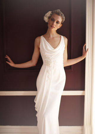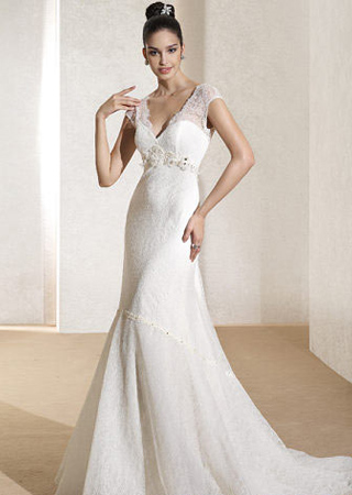 盤(pán)發(fā)高聳頭頂使臉看起來(lái)很小,而深V的婚紗又在視覺(jué)上拉長(zhǎng)頸部,這樣搭配讓新娘顯得高挑。
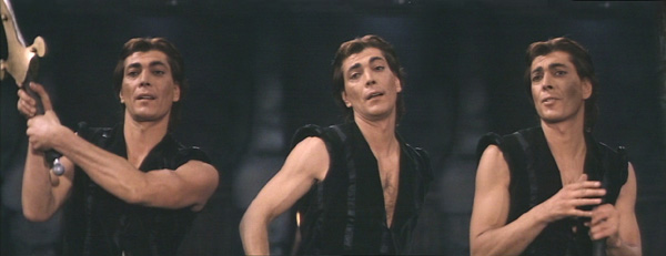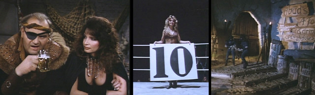 Then the director figures, oh, hell, we don't have realistic period props, and we can't afford them, so let's just use modern stuff. Therefore, the medieval bad guys drink their beer out of A&W Root Beer glasses; the wrestling match takes place in a modern ring with "card girls" and 20th century cars parked in the background; the signs say things like "Open 24 hours"; and everyone hangs out in strip joints and watches nude mud wrestling.
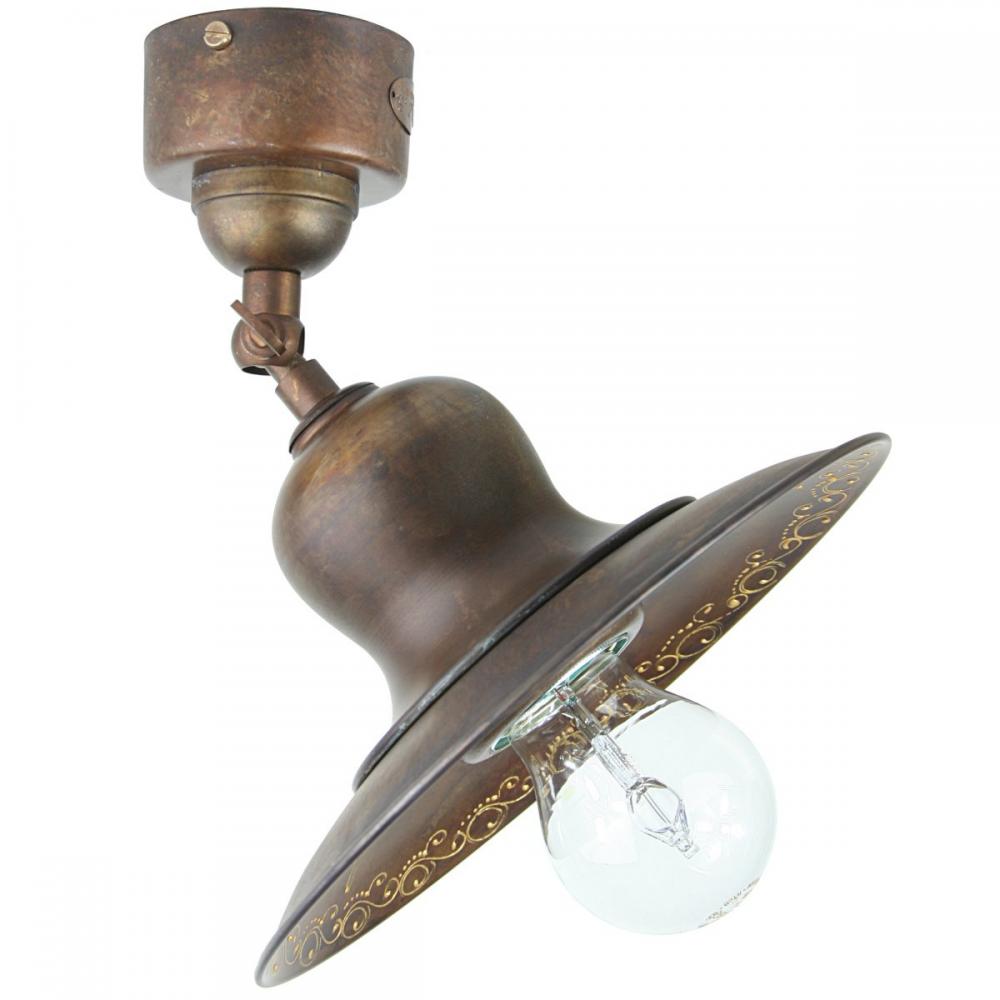 Mosadzná stropná lampa s tienidlom o priemere 14 cm.
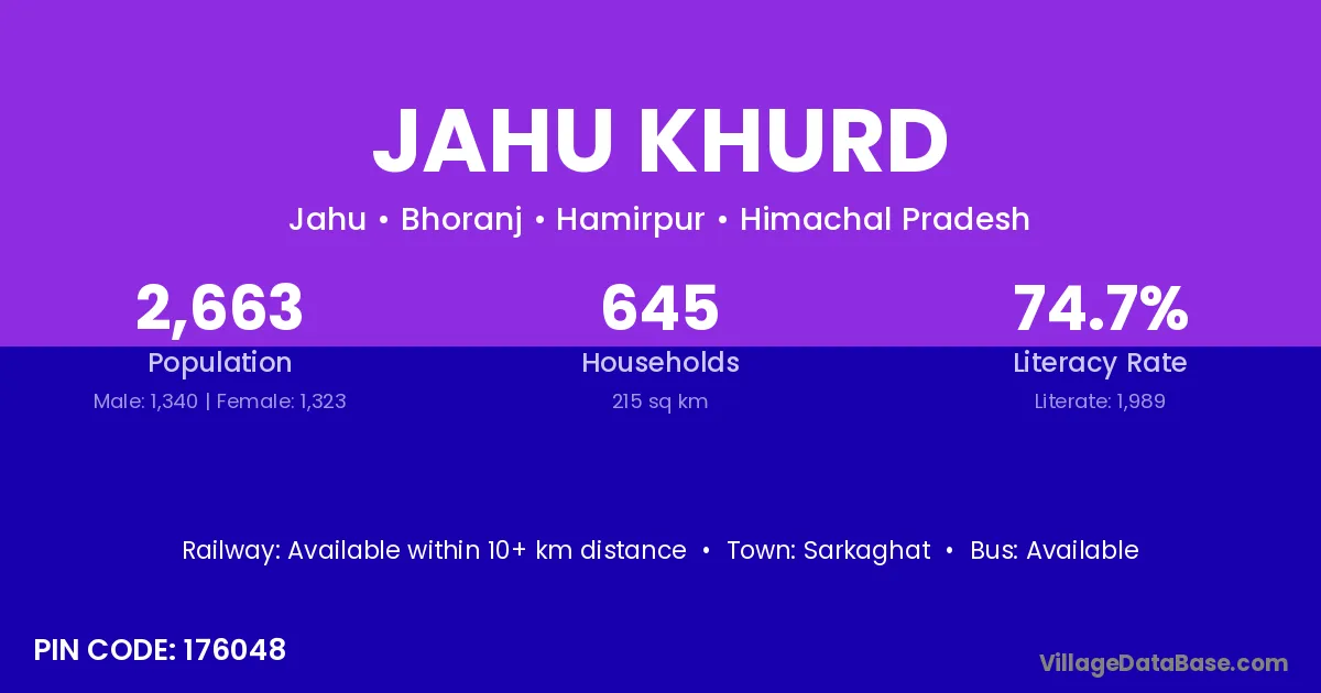 Jahu Khurd village has a total population of 2,663 people, of which 1,340 are males and 1,323 are females.
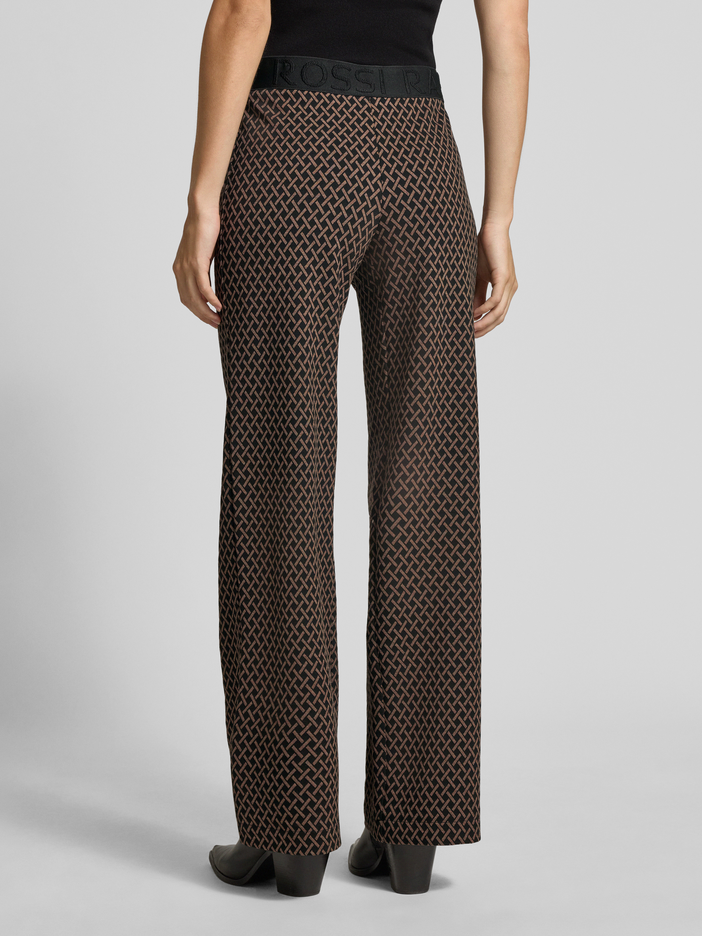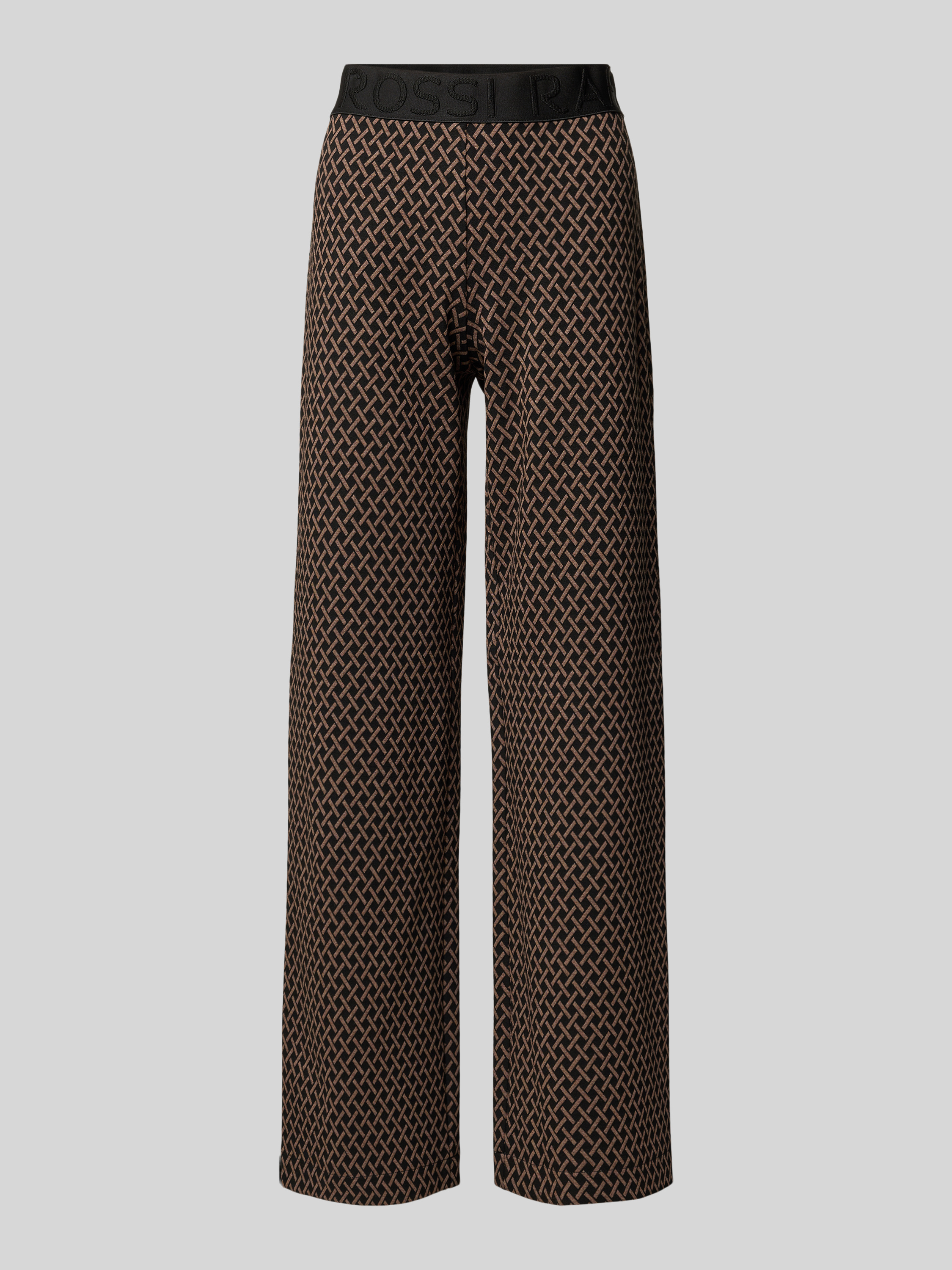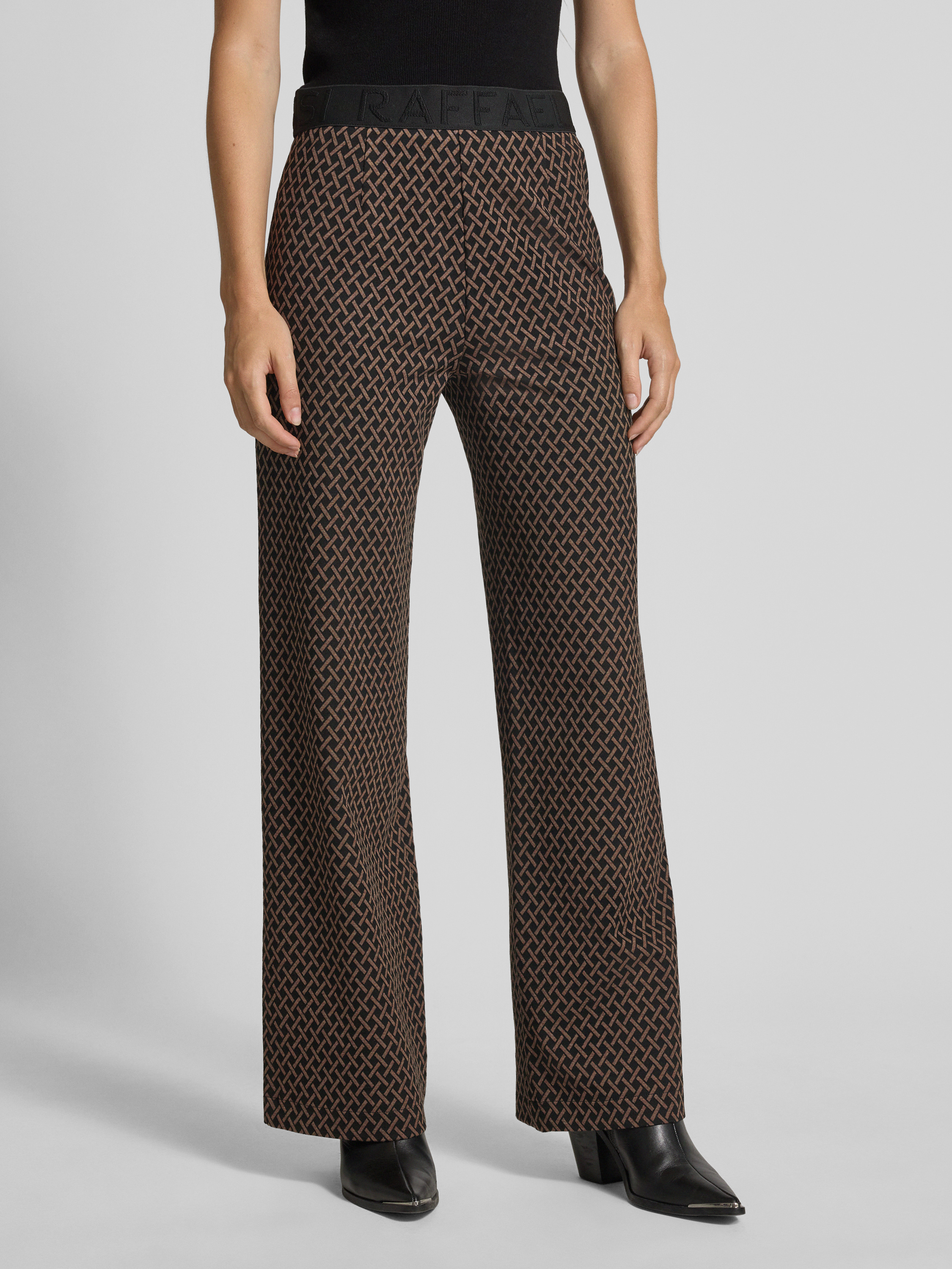 Spodnie materiałowe z szeroką nogawką i elastycznym pasem z logo model ‘ELAINE’ - średniobrązowy

WHAT YOU NEED TO DO: Find the line containing "Then the director", then extract it and every line after it to the end of the data above, exactly and nothing else, without pictures.

WRITTEN ANSWER:
 Then the director figures, oh, hell, we don't have realistic period props, and we can't afford them, so let's just use modern stuff. Therefore, the medieval bad guys drink their beer out of A&W Root Beer glasses; the wrestling match takes place in a modern ring with "card girls" and 20th century cars parked in the background; the signs say things like "Open 24 hours"; and everyone hangs out in strip joints and watches nude mud wrestling.
 Mosadzná stropná lampa s tienidlom o priemere 14 cm.
 Jahu Khurd village has a total population of 2,663 people, of which 1,340 are males and 1,323 are females.
 Spodnie materiałowe z szeroką nogawką i elastycznym pasem z logo model ‘ELAINE’ - średniobrązowy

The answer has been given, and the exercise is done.